▶ [MATERIAL PROVIDED]
- - -

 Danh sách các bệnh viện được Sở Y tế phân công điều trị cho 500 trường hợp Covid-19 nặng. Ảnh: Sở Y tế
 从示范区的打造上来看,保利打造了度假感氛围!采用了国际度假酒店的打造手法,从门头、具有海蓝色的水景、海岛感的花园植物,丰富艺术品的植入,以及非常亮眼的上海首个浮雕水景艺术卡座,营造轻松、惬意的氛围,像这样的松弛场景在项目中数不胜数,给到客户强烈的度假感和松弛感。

- - -

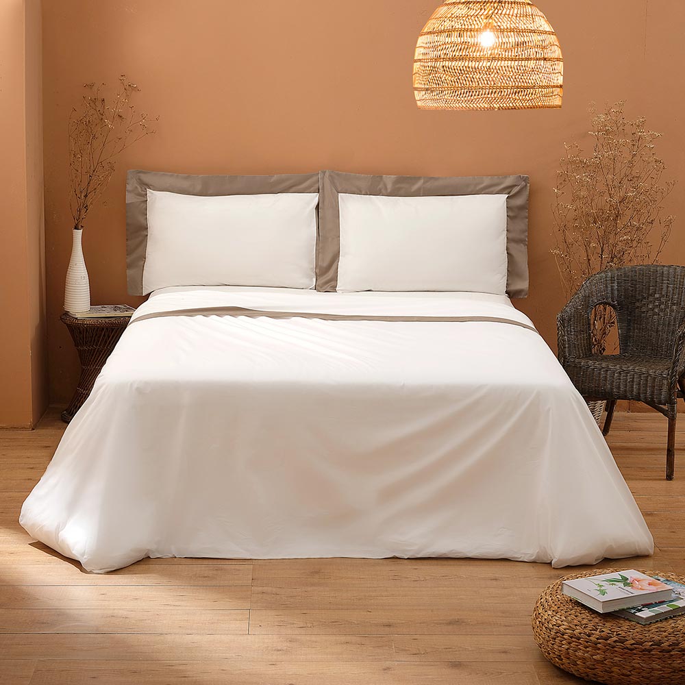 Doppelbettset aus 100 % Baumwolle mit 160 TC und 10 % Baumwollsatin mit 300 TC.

- - -

▶ [WHAT THE TASK REQUIRES]
For the listing above, print only the lines starting at the line containing "Danh sách các" and ending at the line containing "从示范区的打造上来看,保利打", exactly, both included.

▶ [ANSWER SECTION]
 Danh sách các bệnh viện được Sở Y tế phân công điều trị cho 500 trường hợp Covid-19 nặng. Ảnh: Sở Y tế
 从示范区的打造上来看,保利打造了度假感氛围!采用了国际度假酒店的打造手法,从门头、具有海蓝色的水景、海岛感的花园植物,丰富艺术品的植入,以及非常亮眼的上海首个浮雕水景艺术卡座,营造轻松、惬意的氛围,像这样的松弛场景在项目中数不胜数,给到客户强烈的度假感和松弛感。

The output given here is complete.